L’école représente un contexte social. Au sein des écoles suisses (cela se passe autrement dans d’autres cultures), le mode d’apprentissage fonctionne sur une base d'enseignement "collectif": tout le monde doit apprendre les mêmes notions en même temps (en somme le plus possible cela s’entend). C’est un rapport d’apprentissage collectif, où la part d’individualisation n’est pas retenue comme probante sur le plan didactique. « Différenciation » est le mot plutôt employé par les enseignants. Ils essayent, tant bien que mal, de différencier les apprentissages par rapport aux difficultés de l’élève. Mais différencier ne veut pas dire « individualiser ».

 

Avec le nouveau paradigme de l’école inclusive, de nouvelles questions se posent aux enseignants. Ces questions, par la nature même du changement de paradigme, interrogent la didactique actuelle. Est-il suffisant de « différencier » les apprentissages ou faut-il plutôt les « individualiser » pour permettre à cet élève aux besoins spécifiques de faire son parcours scolaire avec des pairs ?

 

Cela mérite d’être débattu.

 

Derrière le débat, il y a sans doute des visions différentes de la « spécificité ». Elles ne sont pas anodines. Ces visions façonneront des paradigmes sociétaux différents de « l’instruction publique ».

 

Les débats doivent avoir lieu. Des idées vont se confronter. C’est normal. Mais au final, la vraie question est celle de l’enfant.

 

Lorsque je dis enfant, je ne pense pas à l’enfant « juridique » qui a des droits, ni à l’enfant « handicapé » qui a des « besoins », ni à l’enfant « élève » qui a des « devoirs ». Je pense à l’enfant.

 

Je pense qu’il serait bien que chacun réussisse à penser à « l’enfant ». L’enfant est potentiellement un adulte. C’est ainsi, je pense, qu’on répondrait mieux à sa « nature ».

 

N’est-ce pas là la mission de la société ? Le collectif est-il là pour modeler la nature ou la laisser se déployer dans un cadre collectif ? Parce que ce n’est pas la même chose….

 

Il me semble que dans la vision qui -aujourd’hui- s’oppose entre « différenciation » et « individualisation » des apprentissages, il y a cette considération différente du rôle du « collectif ».
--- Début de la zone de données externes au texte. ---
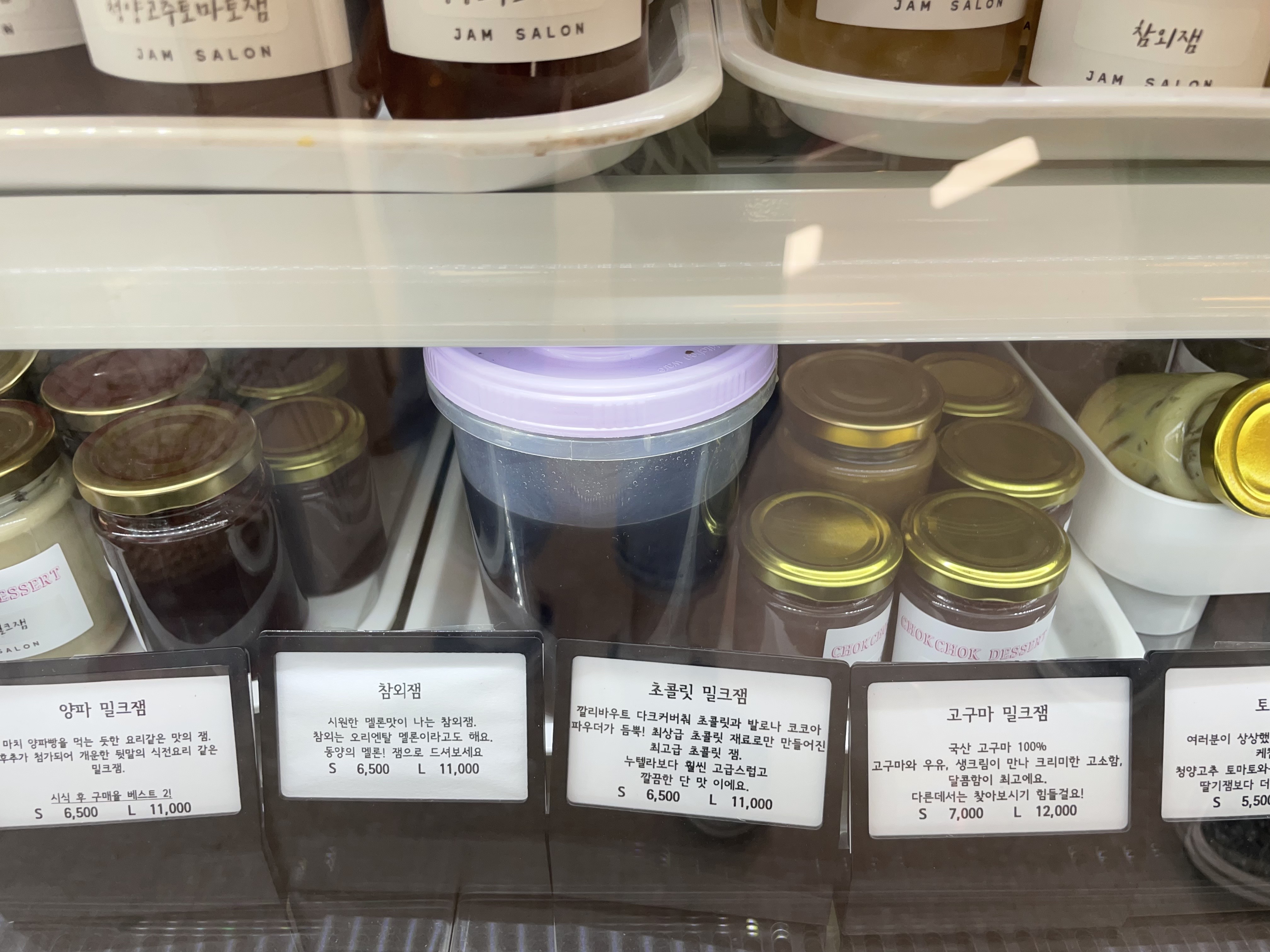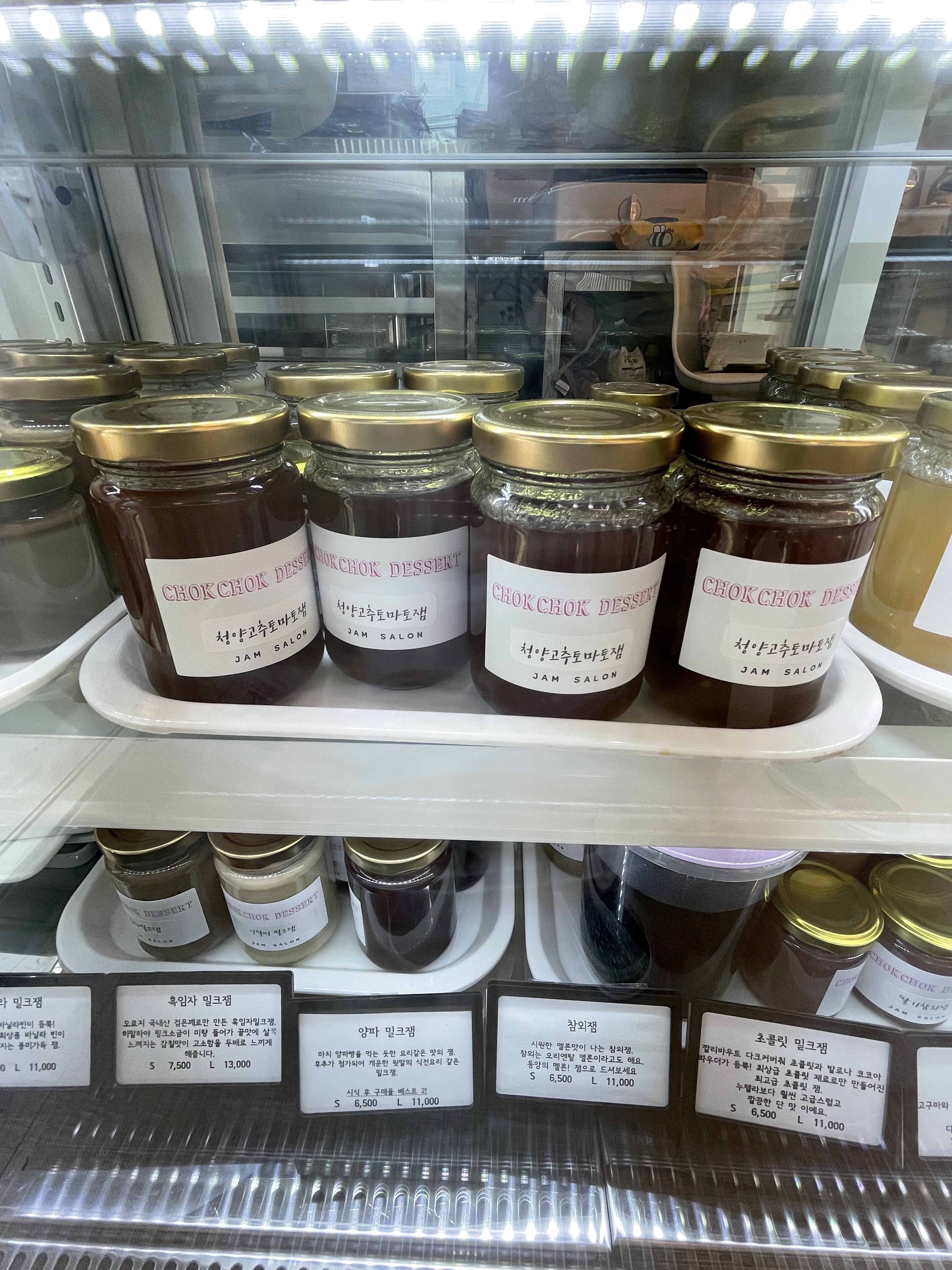 청양고추토마토잼, 단호박밀크잼, 딸기참외잼, 초콜릿밀크잼, 파인애플잼, 참외잼 등등
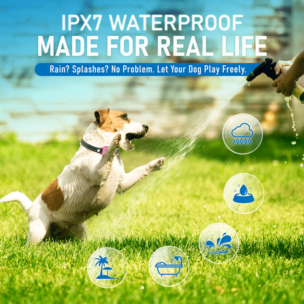 Don’t let weather stop your training. With an IP67 waterproof rating, your dog can play in the rain, splash in puddles, or roll in the mud — no worries.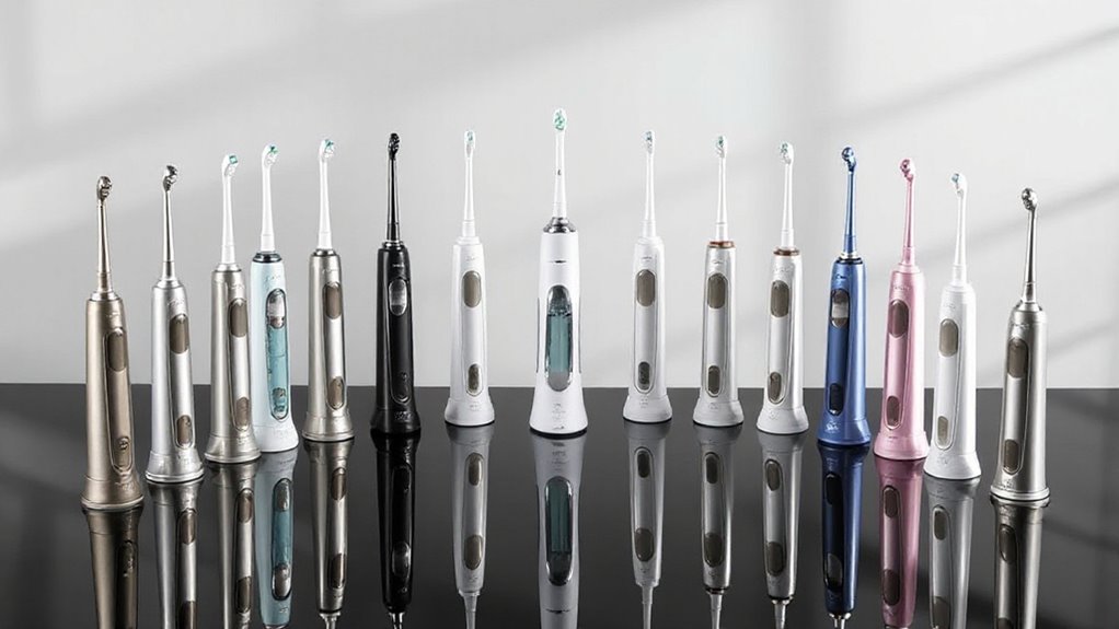 Choosing a water flosser with versatile nozzles can substantially enhance your oral hygiene routine. Multiple nozzle options, such as orthodontic, periodontal, tongue cleaning, and standard tips, allow you to target specific dental needs effectively. Interchangeable nozzles make it easy to customize your routine, especially if you have braces or sensitive gums. Color-coded tips help with hygienic sharing among family members, simplifying identification. Adjustable nozzles with rotating or flexible heads improve access to hard-to-reach areas and help you find the best cleaning angle. Some premium models also include specialized tips, like plaque removers or deep tissue massagers, providing targeted solutions for different oral health concerns. Overall, versatile nozzles ensure a more personalized and efficient cleaning experience.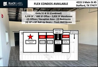 Units 51 & 52 (Combined) 3,250 SF : ~400 SF Office – 2,850 SF Warehouse (2) Offices / Reception Area - (2) Restrooms (4) 10’ x 10’ Roll Up Doors – Truck Well Access Unit 55 (Individual Unit) 1,625 SF : ~200 SF Office - ~1,425 SF Warehouse (1) Office / Reception Area - (1) Restroom (2) 10’ x 10’ Roll Up Doors – Truck Well Access
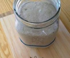 1. Colocar no copo todos os ingredientes e misturar 30 seg/vel 4. Retirar para um frasco de vidro, cubrir com um pano e deixar levedar por cerca de 8 a 12 horas dependendo da temperatura ambiente, se estiver calor o processo é mais rápido se estiver frio o processo é mais lento (idealmente entre 24-25ºC). Este passo normalmente não faço na bimby, coloco tudo dentro de um frasco e com um garfo bato muito bem. Depois tapo com um guardanapo de pano e deixo de um dia para o outro. No outro dia já deverá estar pelo menos com o dobro do tamanho e com borbulhinhas. Ou seja, pronto a usar.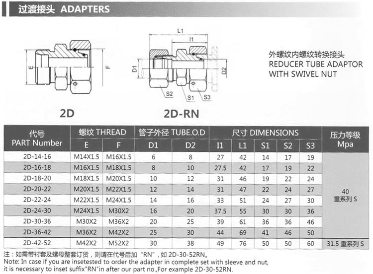 詳細信息 2D-14-16,2D-16-18,2D-18-20,2D-20-22,2D-22-24,2D-24-30,2D-30-36,2D-36-42,2D-42-52,轉(zhuǎn)換接頭
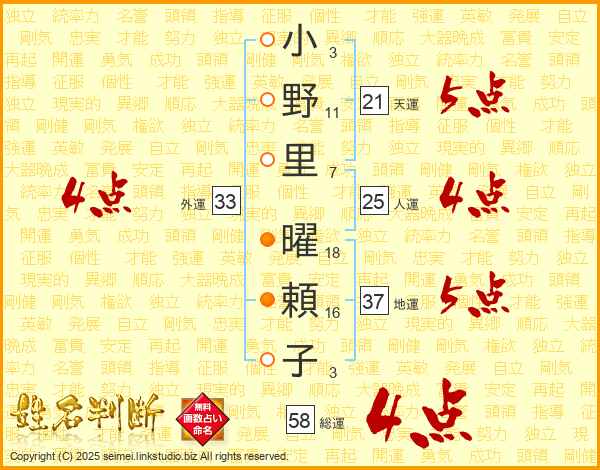 小野里曜頼子さんの人運は25画の4点!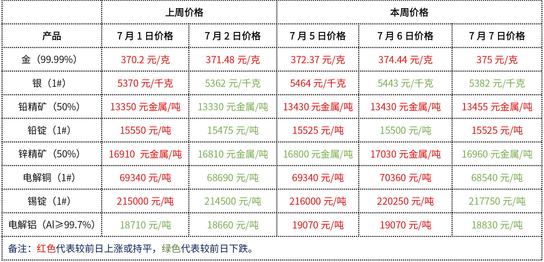 七月第二周的條條礦況又如期與大家見(jiàn)面啦!

Peut-être que la vraie question est de savoir comment apprend vraiment l’enfant qui en face de nous ?

Le métier d'enseignant ne se définit-il pas en fonction de la réponse/des réponses à cette question ?

07:16 Publié dans Autisme - école - inclusion | Lien permanent | Commentaires (1) | |  Facebook | | | Pin it! |

Commentaires

Les moyens, les moyens! Encore et encore...
Pas forcément qu'ils manquent mais...plutôt qu'ils sont mal placés!

Écrit par : Duval | 10/10/2013

Les commentaires sont fermés.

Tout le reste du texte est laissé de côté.